The symptoms seem to indicate there is still air trapped in the system as that would explain the sporadic readings and sporadic heat.... I'm not sure what to suggest next.
-Rod
itspaid4
12-30-2011, 12:12 PM
Here is what has worked for me in dealing with a 2001 Taurus no/little heat issue that many on here have had. Background- this car had a new heater core installed, blower motor and system flush at a Ford dealership 40,000 miles ago, which fixed the problem until now. So to fix again- we first started with a new thermostat and backflushing the heater core. The result of that was just gaining a little heat but not enough to be comfy. I was able to tell just by touching the lines going in and out of the heater core on the firewall there was little circulation through the core. (one line is basically cold out of the core). So, installed a new core, using a VERY HELPFUL METHOD I found online-www.youtube.com/watch?v=LsZoFoiJsdw It worked great to remove the heater core. I did not have to cut the bracket as suggested either to get the old core out. If the link doesnt work, search realfixesrealfast and heater core on You Tube. In the process we also replaced the bypass/core steel line assembly, just in case the steel lines in the assembly were plugged- they did not appear to be but were corroded bad on the outside. Fortunate that a local Autozone had the lines in stock, $59. I would suggest you get them on hand before replacing the core. I also did replace the water pump since I had the system apart, however there appeared to be little wear in the impeller and I dont think it was part of the no heat problem- just time to do it, car has 140000 on it. Core removal Notes- be careful when taking the blend door motor and acutator arm off-small,plastic pieces, you need to remove this to get the core out. Check your blend door motor with it removed but plugged in by going hot to cold on the temp selector, the motor arm should turn. Mine was working ok, but quick and easy check before you take the core out. My old core was plugged but not terrible, I could still get some air to go through it, but bad enough to reduce circulation. I think bypass is the least path of resistance for the coolant,- poor design?? After a new core, lines and water pump, heat is back and very warm. Cost was around $200 for everything. I think the main problem was the plugged core and flushing it did not get it clean enough to work well. Hope this helps someone, I have gotten lots of help off this forum over the years and really appreciate it!
rccarman
01-08-2012, 10:58 PM
HEY ALL--HAPPY NEW YEAR!!...Thanks for the reply's, I have been on "Holiday" as our British friends say.....anyway....update on my heater....I get a temp reading after 7-10 minutes as normal....then temp fluctuates from half on temp guage to about a quarter while driving.

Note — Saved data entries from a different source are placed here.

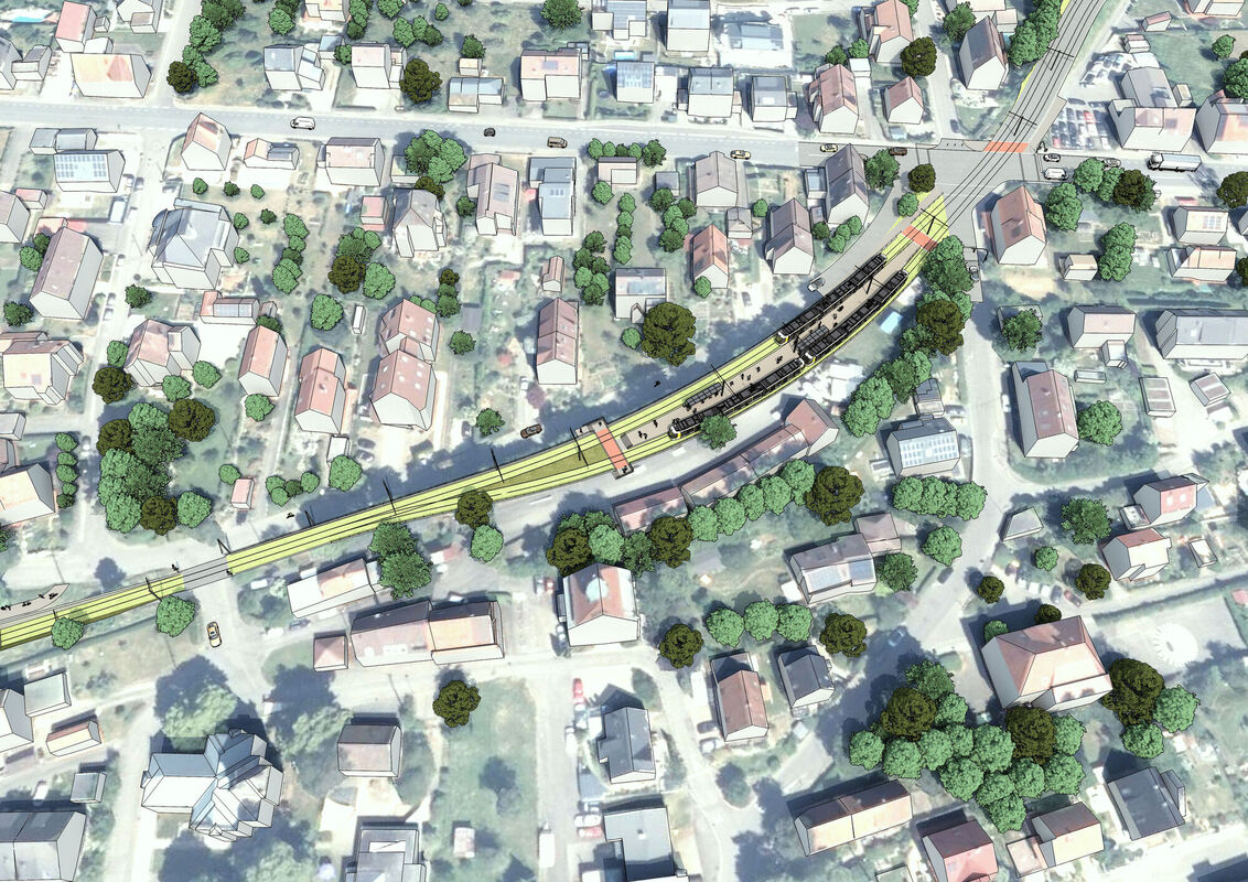 Eine Visualisierung des Zweckverbands zeigt die künftige Haltestelle Ohmenhausen Mitte zwischen der Straßenkreuzung Fehlhaldenweg, Hohe/Neue Straße und dem Bahnübergang Turmstraße.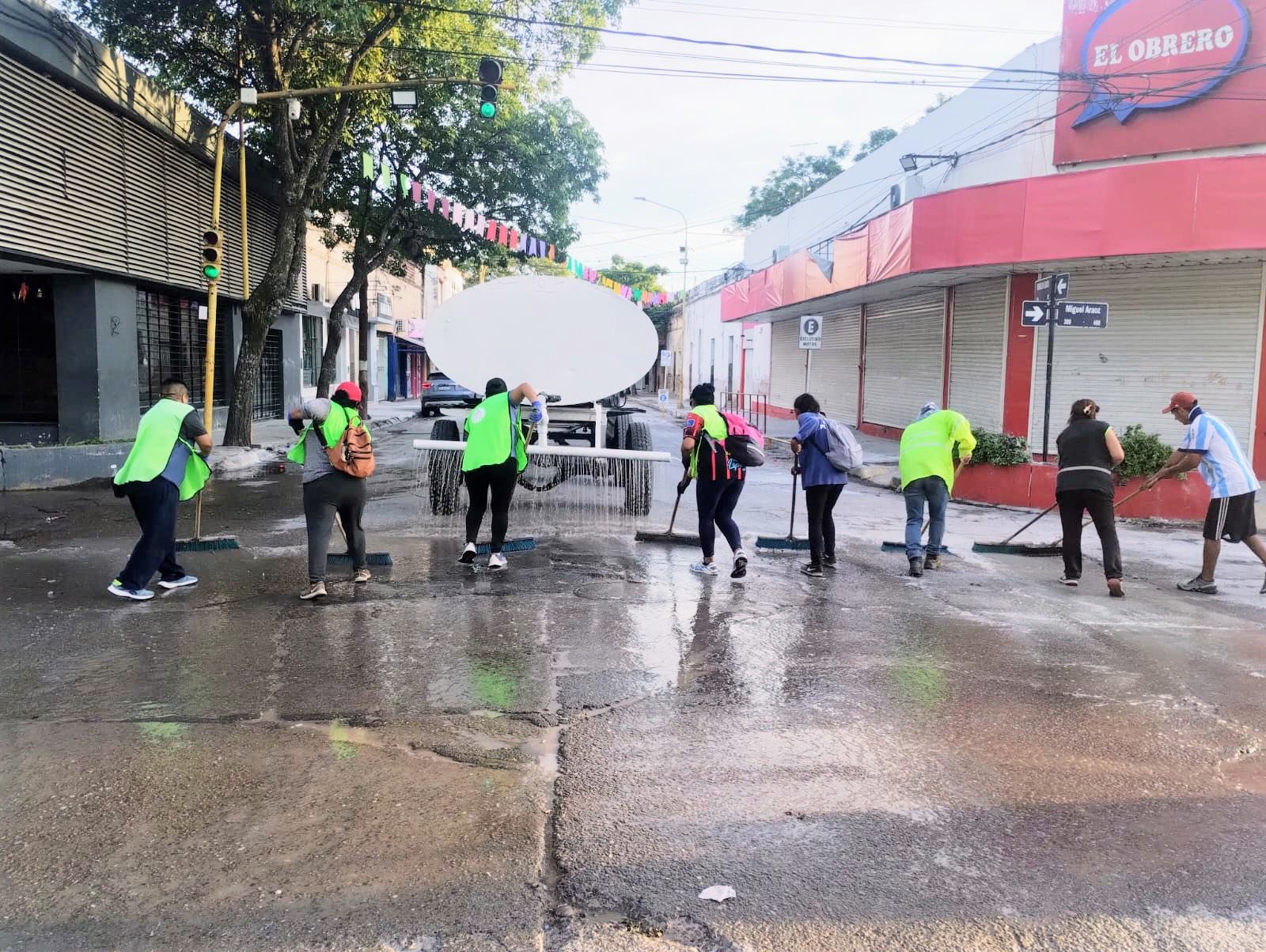🎭 Tras una nueva y multitudinaria noche de corsos, San Pedro de Jujuy vuelve a ponerse en marcha desde muy temprano. Las cuadrillas municipales realizaron tareas intensivas de barrido, limpieza y desinfección del espacio público.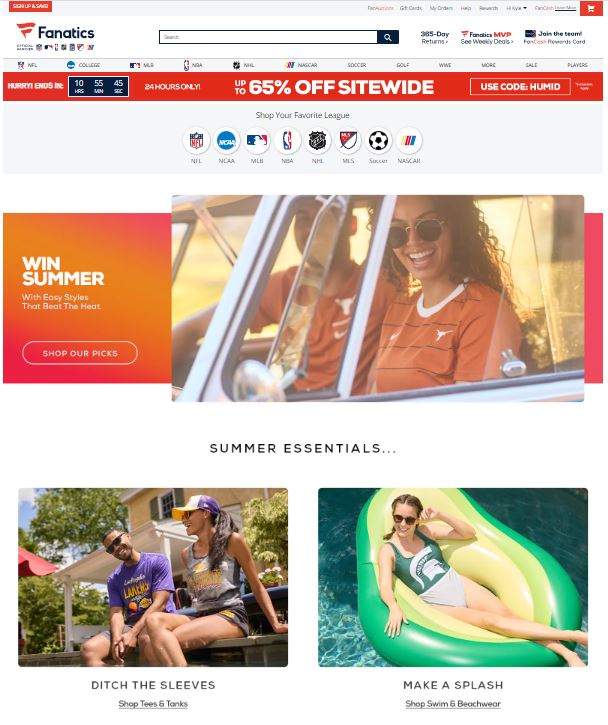 As part of Fanatics' summer promotions, the "Summer Fun" landing page was an opportunity for me to flex my creative muscles. I offered several options for headlines and sub-headlines relating to the themes we pushed.

I hear my fans coming on early and often, which before the water pump and air bleed procedures, I couldn't beg them to come on!!...GEEEEEZ-All I did was change a water pump and flush stuff out!.....oh well, I guess I just start replacing random parts at this point...this Ford doesn't like me.......
tempfixit
01-09-2012, 06:59 AM
HEY ALL--HAPPY NEW YEAR!!...Thanks for the reply's, I have been on "Holiday" as our British friends say.....anyway....update on my heater....I get a temp reading after 7-10 minutes as normal....then temp fluctuates from half on temp guage to about a quarter while driving. I hear my fans coming on early and often, which before the water pump and air bleed procedures, I couldn't beg them to come on!!...GEEEEEZ-All I did was change a water pump and flush stuff out!.....oh well, I guess I just start replacing random parts at this point...this Ford doesn't like me.......
Just curious, when you flushed the heater core did you flush in both directions?? Some times a a shot of lower air pressure from compressor helps also.
Just curious, when you flushed the heater core did you flush in both directions?? Some times a a shot of lower air pressure from compressor helps also.